Secret Lives Of The Super Rich (CNBC, 8 p.m.): Tonight, CNBC takes you inside the giant homes of the super rich, whose number you almost certainly won’t join, but you can pretend you might by watching this show. Oh, who are we kidding? You’ll probably just angrily swear at the screen throughout.

RuPaul’s Drag U (Logo, 9 p.m.): The third season concludes, if you were paying attention and wanted to know. We haven’t been watching this season, so if you have, please let us know in comments if it’s been worth it, or if the show continues to feel a little centerless and inconsistent. It could just be us!

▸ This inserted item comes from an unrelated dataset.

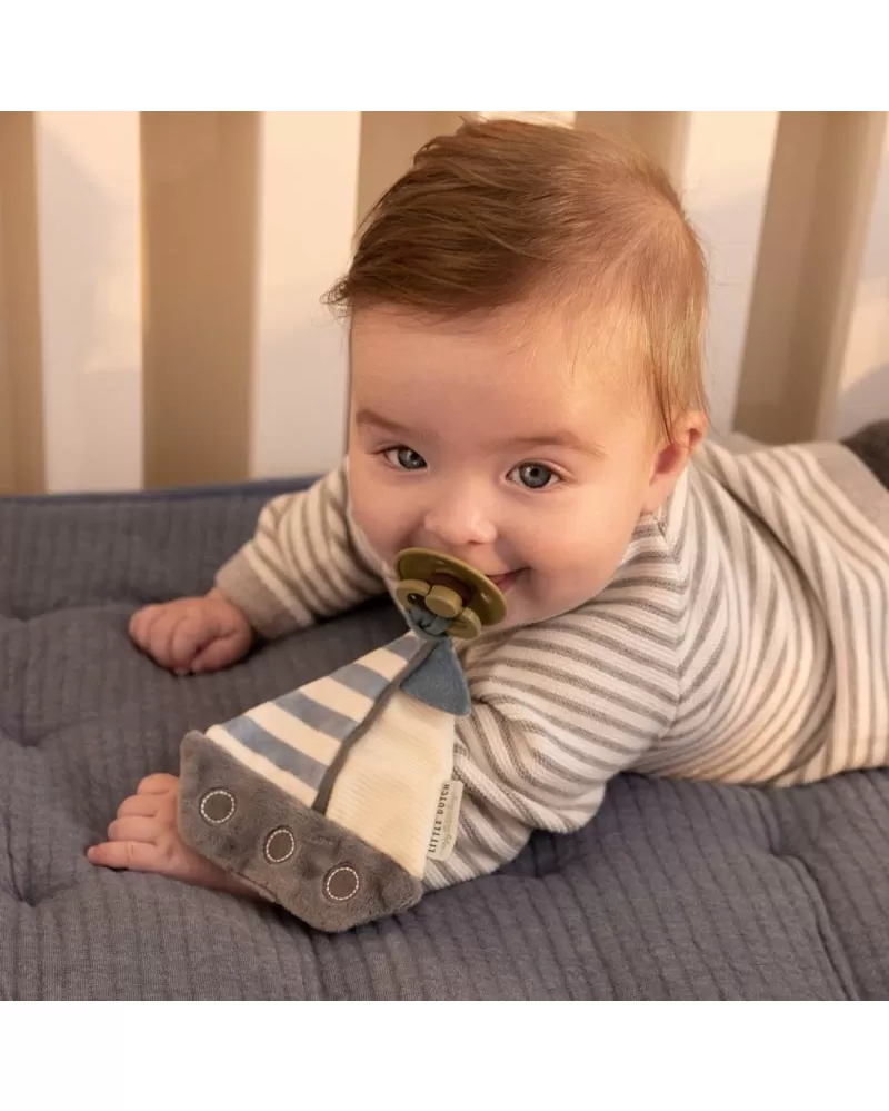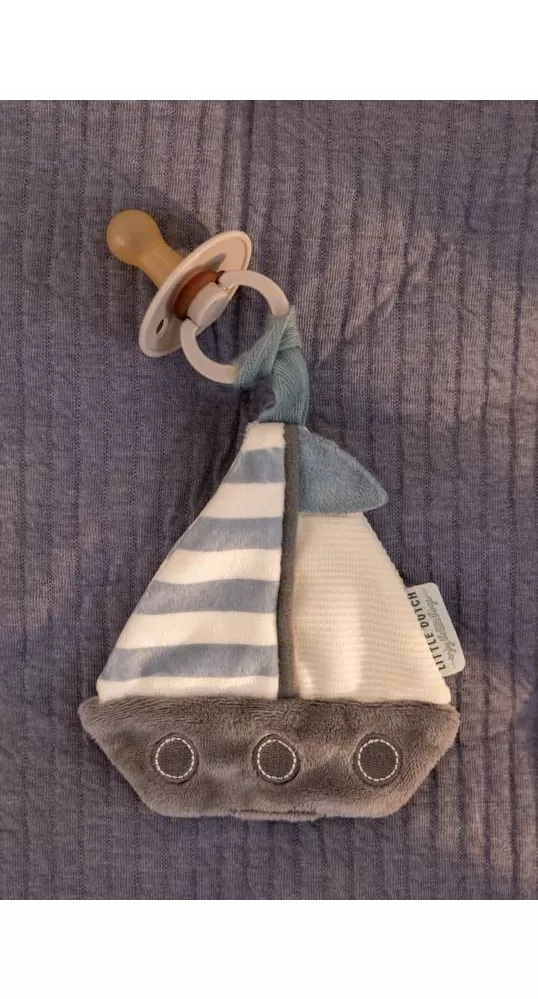 Plyšový muchláček v podobě plachetnice je určen k připevnění na šidítko. Díky muchláčku šidítko nikam nezapadne a vždy jej snadno najdete. Muchláček je je vyroben z velmi jemného a příjemného materiálu a je ideální jako společník do postýlky pro klidné usínání.

Push Girls (Sundance, 10 p.m.): If you haven’t been keeping up with this series about wheelchair-using athletes, why not check in tonight, since the Olympics have turned a little repetitive by this point (at least, if you’re watching the U.S. coverage)? Tonight, the women can’t wait to get back to skiing.

3:10 To Yuma (TCM, 8 p.m.): Glenn Ford and Van Heflin star in the original version of this story that was remade as a Russell Crowe vehicle a few years back. It’s not a great Western, but it’s a highly entertaining one, and if you’re looking for a tale of Wild West intrigue, you can’t do much worse tonight.

The Girl With The Dragon Tattoo (Starz, 9 p.m.): Some critics we respect really loved this David Fincher take on the Stieg Larsson novel, while others found it exploitative and often punishing. We still haven’t seen it, so perhaps you can offer your opinions on it, as well as Rooney Mara’s Oscar-nominated work.

MLB Baseball: Yankees at Tigers (ESPN, 7 p.m.): The Yankees are comfortably ensconced atop their division, but the Tigers are in the middle of a tight race for the wild card, caught up with the Orioles, Angels, and As. Obviously, it’s only August, so anything could happen, but this one could be fun.


IN CASE YOU MISSED IT
Falling Skies (Sunday): Everybody’s on a trip to Charleston, and Les Chappell isn’t as excited by it as he feels he ought to be. C’mon, show! You’re fighting aliens and wandering around the Atlantic seaboard. The least you can do is have some exciting stuff happening, right? Let’s see some crazy gunfights!